Nasza Loteria SR - pasek na kartach artykułów

To już prawdziwy serial kryminalny w Spółdzielni Mieszkaniowej „Zieleniec”

Małgorzata Oberlan
Małgorzata Oberlan
Spółdzielcy „Zieleńca” wciąż czekają na wyjaśnienia w sprawie konkursu na prezesa. Sprawa w ostatnich dniach przybrała nieoczekiwany obrót
Spółdzielcy „Zieleńca” wciąż czekają na wyjaśnienia w sprawie konkursu na prezesa. Sprawa w ostatnich dniach przybrała nieoczekiwany obrót Grzegorz Olkowski
Nadal gorąco wokół konkursu na prezesa Spółdzielni Mieszkaniowej „Zieleniec”. Kandydat, który zawiadomił prokuraturę o fałszowaniu dokumentów, sam ma być badany pod kątem łamania prawa...

[break]
Pod koniec ubiegłego roku Waldemar Przybyszewski (PO), wieloletni prezes Spółdzielni Mieszkaniowej „Zieleniec”, zrezygnował ze stanowiska. Wkroczył w wiek emerytalny, ale też miał świadomość, że stracił zaplecze. Wybrana w 2015 roku rada nadzorcza, jak to się oględnie określa, miała inną od niego wizję funkcjonowania spółdzielni.

W grudniu rada nadzorcza ogłosiła konkurs.

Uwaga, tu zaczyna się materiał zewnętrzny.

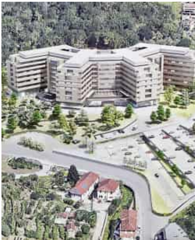
Il rendering del nuovo ospedale Felettino

«Il progetto esecutivo di un'opera deve essere corredata dal cronoprogramma, ma quando ho chiesto di prenderne visione, con un accesso agli atti, a gennaio, mi è stato risposto dalla direzione generale di Area salute e servizi sociali che il documento non era disponibile. Una grave mancanza, perché questo strumento è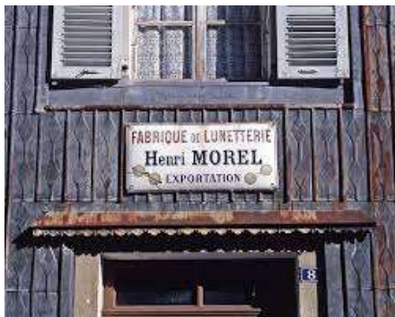
Ets Henri Morel 8 rue de la Tannerie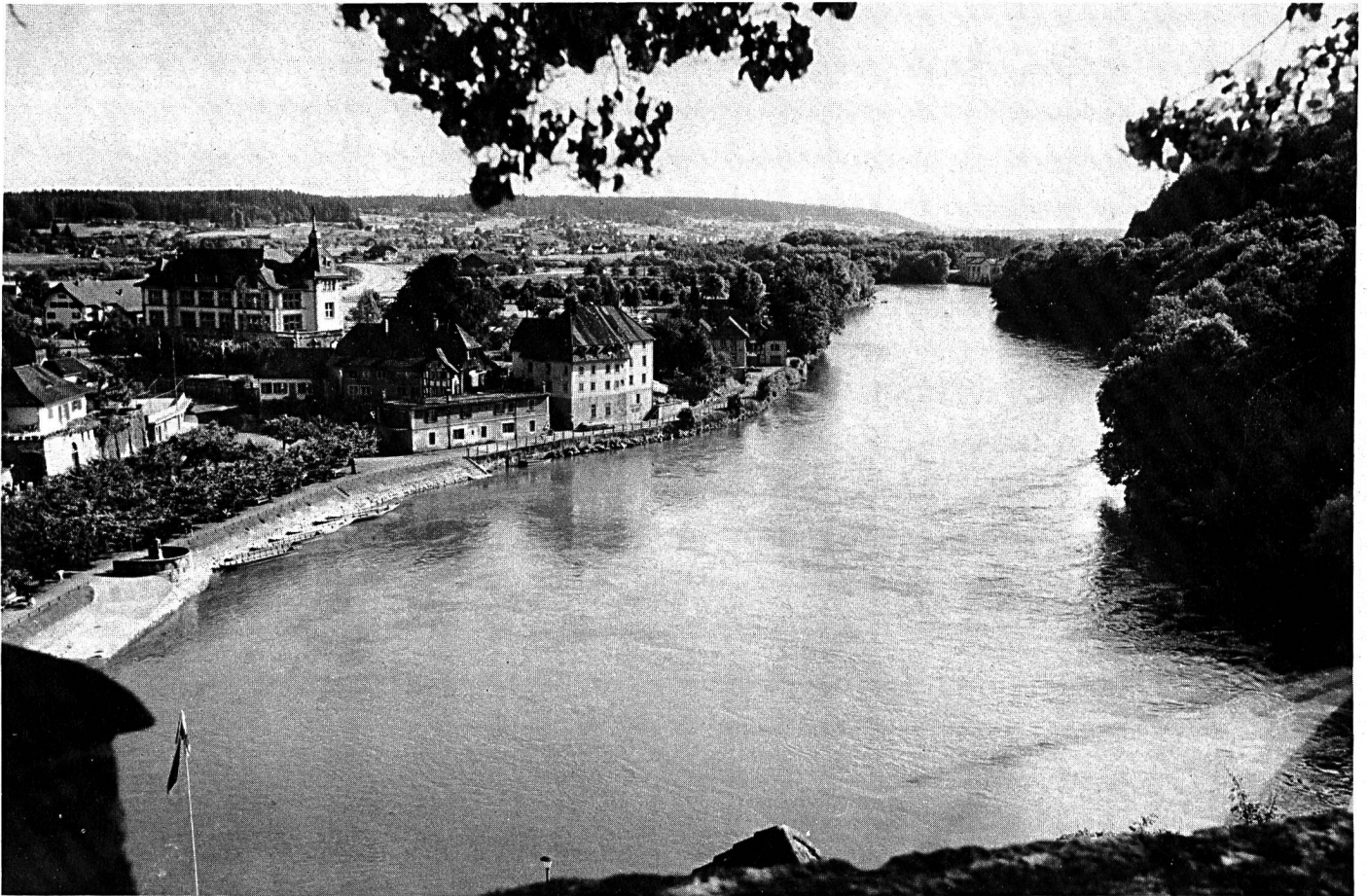
Die überdimensionierte Eisenbahnbrücke des generellen Projektes 1966 hätte die Aare von der Badeanstalt im Hintergrund links bis zum bewaldeten Steilufer im Vordergrund rechts überquert. Gemäss neuer Projektvariante wird die Brücke flussaufwärts verschoben und wesentlich verkürzt (siehe Planskizze).

schen Probleme für die Erstellung eines Borntunnels zwar nicht unüberwindbar seien, jedoch mit gewissen Erschwernissen und entsprechenden Mehrkosten zu rechnen sei. Bei Gesamtkosten für die neue Doppelspur nach generellem Projekt 1966 im Betrage von 60 Millionen Franken (Preisbasis 1971) wird der Mehraufwand für die Tunnelvariante auf 17 Millionen Franken berechnet.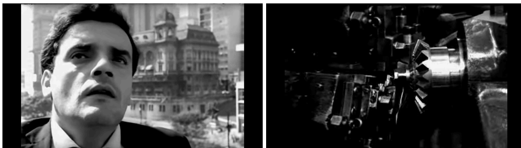
39 - DEVANEIOS E CRISE DE CARLOS (0:43:54 – 0:44:33)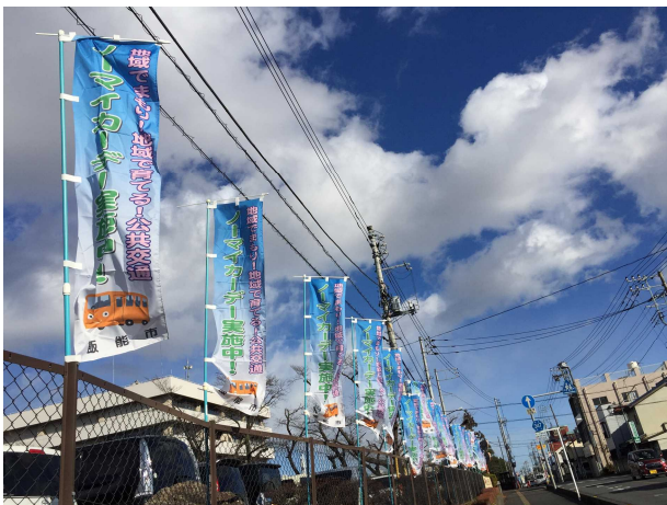
△飯能市役所本庁舎前にのぼり掲出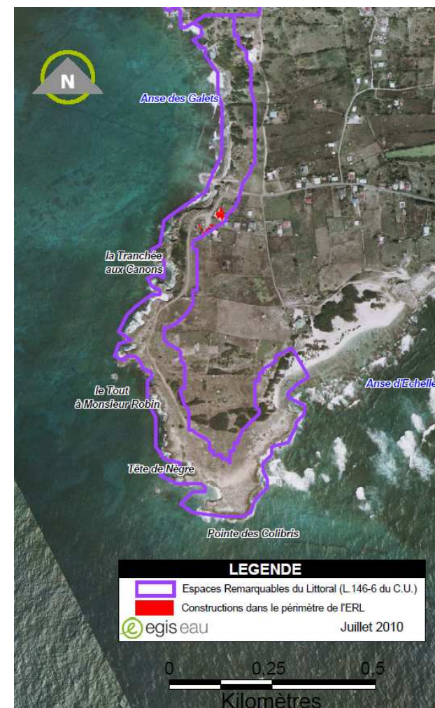
Construction dans le périmètre de l'espace remarquable

Au niveau de l'Anse des Galets, les activités humaines ont colonisées cette extrémité de la Désirade avec la déchèterie communale, différentes habitations ainsi que l'atterrage de la canalisation d'eau potable en provenance de la Grande Terre.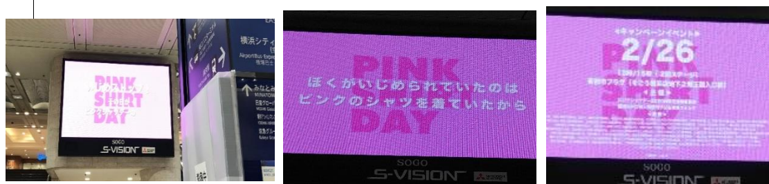
(そごう前・サイネージ大型モニター)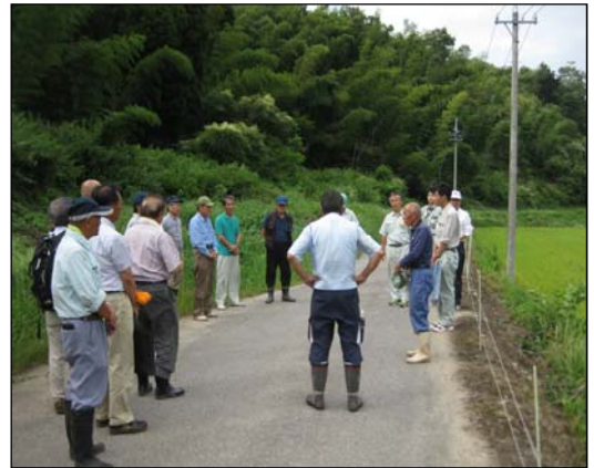
「里山リーダーセミナー」において、各地域のリーダーが里山利活用のために他地域の取り組みを見学し、意見交換を実施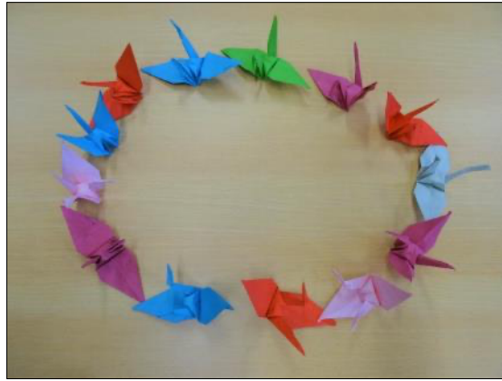
Classe de Grande Section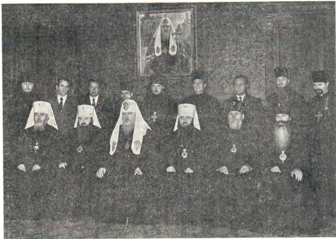
Святейший Патриарх Московский и всея Руси Пимен и сопровождающие его лица перед отъездом

Его Святейшество в этой поездке сопровождают митрополит Ленинградский и Новгородский Никодим, председатель Комиссии Священного Синода по вопросам христианского единства и межцерковных сношений; митрополит Тульский и Белевский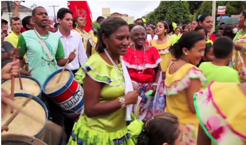
Frame 02: Marabaixo nas ruas de Macapá

Na atualidade, o Marabaixo não é cultuado pela maioria da população amapaense, tampouco pela maioria dos sujeitos negros de Macapá. O Ciclo é cultuado por grupos minoritários de famílias de negros tradicionais. No Frame 02, temos as imagens dos sujeitos negros com seus adereços, com as caixas, dançando e cantando os versos dos ladrões de marabaixo pelas ruas da capital do Amapá.

„Rada Nadzorcza Spółdzielni Mieszkaniowej „Zieleniec” w Toruniu ogłasza konkurs na kandydata na prezesa zarządu. Aplikacje zawierające wniosek z uzasadnieniem, CV i list motywacyjny proszę składać w siedzibie spółdzielni do dn. 28 grudnia 2015 r., do godz. 15.00, w zamkniętej kopercie z dopiskiem „Konkurs” - ogłoszenie tej treści dostępne było na stronie internetowej spółdzielni jeszcze 31 grudnia.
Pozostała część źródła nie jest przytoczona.